Changing your name or designation wont impact your DOE; adding work experience, updating English scores may change it though.

You can check your current DOE in your Skillselect account. Just click the "points breakdown" link to view your DOE as well as current points score after all the changes. DIBP will only consider the latest DOE.

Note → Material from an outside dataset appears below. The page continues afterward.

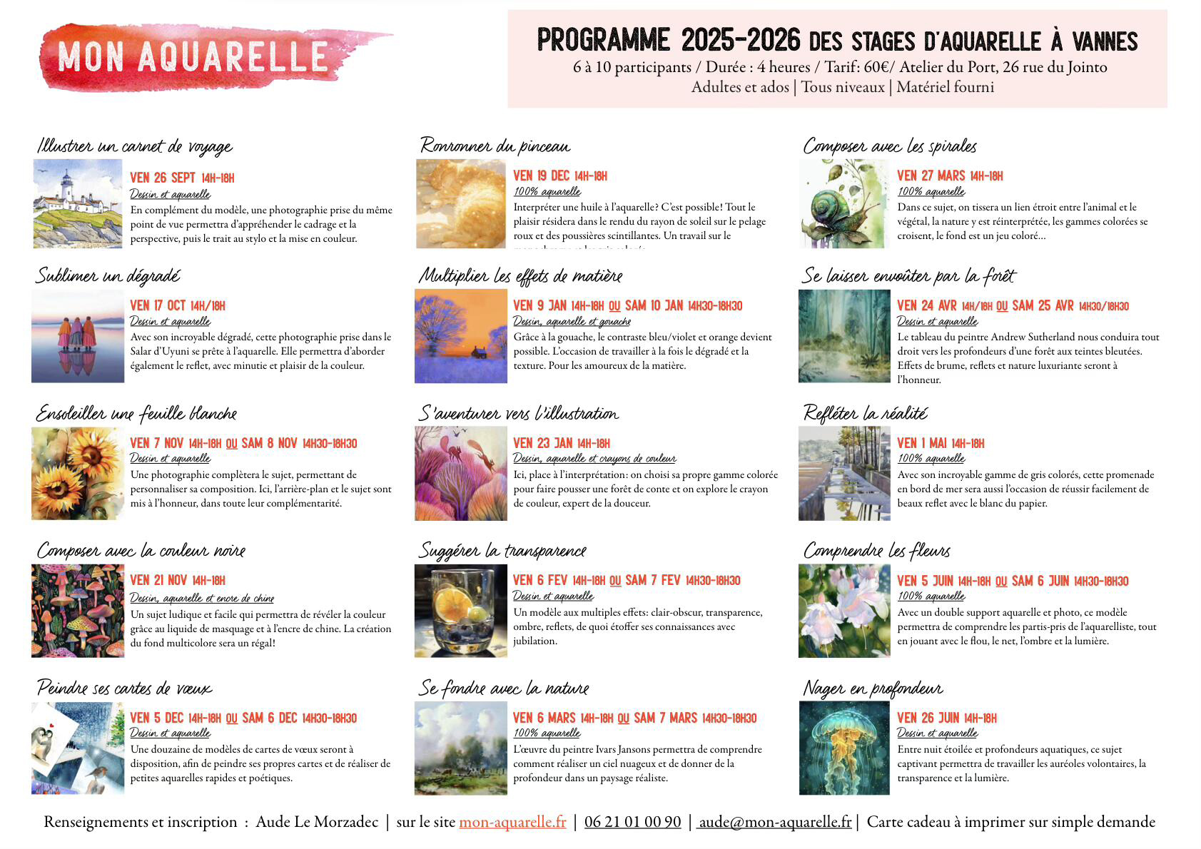 Pour la durée, les dates, les horaires et les tarifs, me consulter...

My advise- avoid changing too many details, it may lead to confusion, or, ending up including incorrect information in your EOI. Also, if you are regularly updating your experience, make sure you only claim points for the ones positively assessed.


----------



## abuzerkadu (Sep 17, 2017)

Good Day! 
Requesting urgent advice.
My EOI was initially submitted on 28 Mar 2017 with 65 points. Occupation Code 233512.
Since then it was updated on 12 Apr 2017 to select Victoria as the preferred state.
It was then updated on 24 Jul 2017 to independent again once Victoria state nomination turned out negative.
I want to know whether the Effective Date could have been changed in this time. There has been NO points changed at any time. Extremely worried as I was expecting an invite in the upcoming 18 Oct round and now I am not sure if I will.
Below are the EOI brief details.
------------------------------------------------------------------
EOI Initially Submitted On 28/03/2017
EOI Last Submitted On 28/03/2017
Skilled - Independent (Subclass 189) (Permanent) Yes
Skilled - Nominated (Subclass 190) (Permanent) Yes
------------------------------------------------------------------
EOI Initially Submitted On 28/03/2017
EOI Last Submitted On 12/04/2017
Skilled - Nominated (Subclass 190) (Permanent) Yes
------------------------------------------------------------------
EOI Initially Submitted On 28/03/2017
EOI Last Submitted On 24/07/2017
Skilled - Independent (Subclass 189) (Points-Tested Stream) Yes
------------------------------------------------------------------


----------